But then Alito and his supporters are arguing the exact opposite. They say what was anti-democratic here is Roe because it was essentially legislation put out by nine unelected Americans on one of the most morally fraught issues that there is. And by giving the right to make laws about abortion back to the voters and back to their elected leaders, we're actually supporting democracy.
Where do you fall on all of this? So I think that my answer is probably pretty obvious. It is much more democratic for people to decide their representatives and or to just directly vote, which seems to be coming in the case of Kansas.

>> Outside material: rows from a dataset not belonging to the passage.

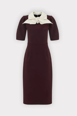 Миди-платье с контрастным воротником-бантом — бордовый с айвори
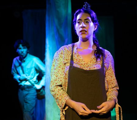 The background on the story indicates that The Adventures of Huckleberry Finn by Mark Twain was an inspiration for the story, but the only connections to that book seem to be the idea of traveling on a river and speaking a dialect of English typically associated with poorly educated people. Two examples of the form are in the first two scenes. Hucka (Brooke Elizabeth) in the opening monologue says, “I don haf ta pay hardly pay no attention to ‘em.” And in the next scene, Cain (Carson Merrick) says, “Ya tol me ya war gointa finish this ‘fore sunup.”
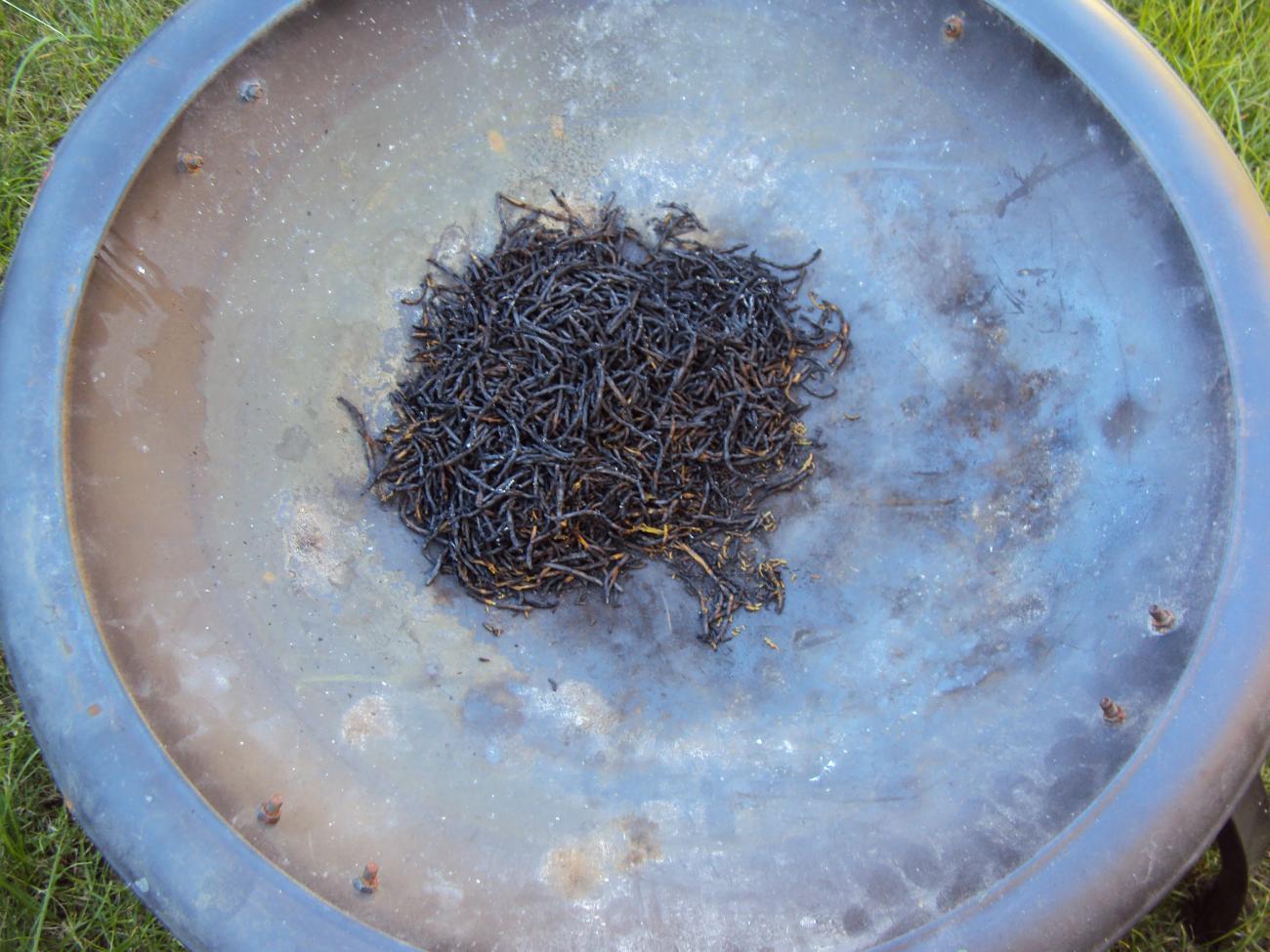 To clarify these matters, the experiment was repeated, this time outdoors in July 2015 using higher quantities of ash and seawater. The method was identical to that for the first experiment, except that the conditions of the second experiment were adapted to better mimic the open conditions of the Iron Age and Roman salters. Raw samphire, this time 450 g, was dried outdoors for three days (in temperatures reaching circa 21ÂşC), by which time the sprigs had browned and reduced in weight to 76 g (See Figures 3 and 4). The samphire was burnt to ash, which reduced the weight further to 38 g (See Figures 5 and 6). The ash was placed in a foil tray and mixed with 1000 ml of seawater at 35 ppt. A second tray contained 1000 ml seawater only. Both trays stood outside during the day (during a heat wave, with temperatures reaching circa 35ÂşC) and indoors during the night (See Figure 7). After three days, the salinity of the brine in the tray containing seawater alone reached 60 ppt, an increase of 71% (See Figure 8). The salinity of the brine from the ash-steeped seawater reached 105 ppt, an increase of 200%. (This stage of the experiment could not continue to the six days of the first experiment, because the salinity of the ash-steeped brine had by three days exceeded the scale of the salinity meter.) The total volume of the ash-steeped brine was 400ml; that for the seawater alone was 550 ml, but only 400 ml of this was taken to be evaporated. The brine from both trays was then evaporated together on a gas-fired barbecue (See Figure 9). After 1.5 hours, the seawater brine had fully evaporated, leaving 44 g of crystallised salt. After 2 hours 10 minutes, the ash-steeped brine had evaporated, resulting in 70 ml of salt, although the salt differed in appearance, being black and finer (See Figure 10). After six hours, when the salt from both brines had dried completely, the respective weights were 36 g and 64 g.

it makes more sense to me. And I think that it also forces us as a country to really come to grips with what we believe about abortion. I don't think that nine justices should decide the same thing for people in Texas versus the same things people in New York or California, because we all have different moral compasses that we follow. And I think that's part of why we choose to live where we live. But
It makes a lot more sense for people to try to make the case one way or the other at the ballot box or with their elected representatives. And that can, you know, that will sway elections. And I don't think that that's a bad thing. It might be a bad thing for Republicans in purple states like Virginia.
But I think that ultimately it's a far healthier thing. And Meghan McArdle said on Twitter, you know, I think that this is going to create a healthier national discourse long term, but short term, it's going to be pretty messy. And I think that that's I think that she's absolutely right.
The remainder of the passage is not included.